Caitlin> So many! I think there will be ongoing debates on the role of social media - is it a platform for brands to tap into culture, to shape culture or to reflect it? How do we ensure diverse voices have equity when they collaborate with brands? How do we break away from linear storytelling and embrace layered storytelling? How do we ensure that commerce gets the same creative attention as brand building on social media platforms? How do we start building for the future? What will advertising in the metaverse look like - how will the democratisation of creativity impact the work and the talent in the industry. 

LBB> It’s the first in-person Cannes since the start of the pandemic, a pivotal moment for an industry that’s been massively disrupted - how do you think that’s going to shape your thinking about your category in particular?

Caitlin> The pandemic absolutely accelerated the journey of digital transformation. The brands that stood out and really succeeded during that time were the ones that provided real value for people through their digital experiences. 

We also saw brands build work with DEI at the core. This intentional inclusion I think lays out a blueprint for a more inclusive industry and body of work in the future. 

LBB> Last year one of the winners in the category was Burger King's 'The Stevenage Challenge'. What lessons would you take from that for creating great work in this category?

Caitlin> I think this work shows you the power of work that rallies a community. Fans look for a value exchange with brands. They will immerse themselves in an experience if there is something in it for them - and brands that understand and harness this, as Burger King did, reap the rewards. 

LBB> The other Grand Prix went to Reddit's 'Superb Owl'. What do you take from that?

Caitlin>  The ability for a brand to react quickly and with relevance to an event; whether of their own making, or something happening in culture - is often key to that brand being able to harness the power of social media. Many brands try it and don’t quite hit the mark. So when a brand hits the bullseye, the crowd sings back - and the awards roll in!

LBB> Like PR, it's probably fair to say that every campaign is social these days.

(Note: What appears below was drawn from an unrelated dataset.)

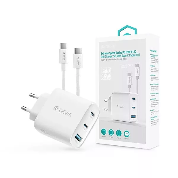 Devia ST111967 Extreme Speed Series 65W GaN PD fehér hálózati gyorstöltő adapter + USB-C+USB-C kábel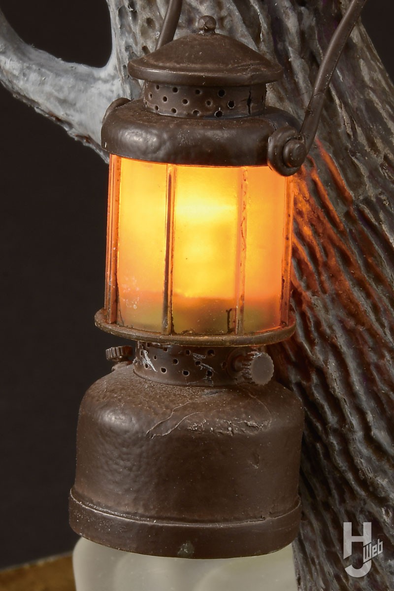 付属のランタンはベースの脇に置く設定のようですが、キットに盛り込みたくて樹木のちょうどいい部分の枝の位置を少しズラして接着。そこにランタンを掛けることにしました。ランタンのガラス部分は透明プラ素材なのでキチンと塗り分け、100円ショップで購入したキャンドルライトを分解して内側に仕込みました。

How does great creativity ensure it flourishes on social?

Caitlin> Creative ideas that flourish on social are the ideas that have people’s behaviours, motivations, and passions at the core. But there also needs to be a thread that strongly connects an idea back to the brand. Great creativity that flourishes on social platforms understands the language of the platforms - the brand feels authentic and connected seamlessly to culture, not shoehorned in. 

LBB> On the Influencer side of things, the category is still prone to being sneered at by the industry establishment to some degree. What's the key to overcoming those misconceptions?

Caitlin> Frankly, I think the name ‘Influencer’ may have something to do with that. We’re used to thinking about ‘influencer campaigns’ in a very narrow sense, but what’s actually happening is an absolute renaissance of creativity coming from creators all over the world. They are the most innovative and experimental storytellers on social platforms and they can connect with their communities in a far more meaningful and authentic way than any brand could alone. I am optimistic that this year’s LIONS will reflect this shift from ‘influencer campaigns’ – ones where brands are simply tapping into the reach of online personalities – to the more strategic partnerships that brands are forging with creators, collaborating deeply with them at the forefront of platform innovation and creativity.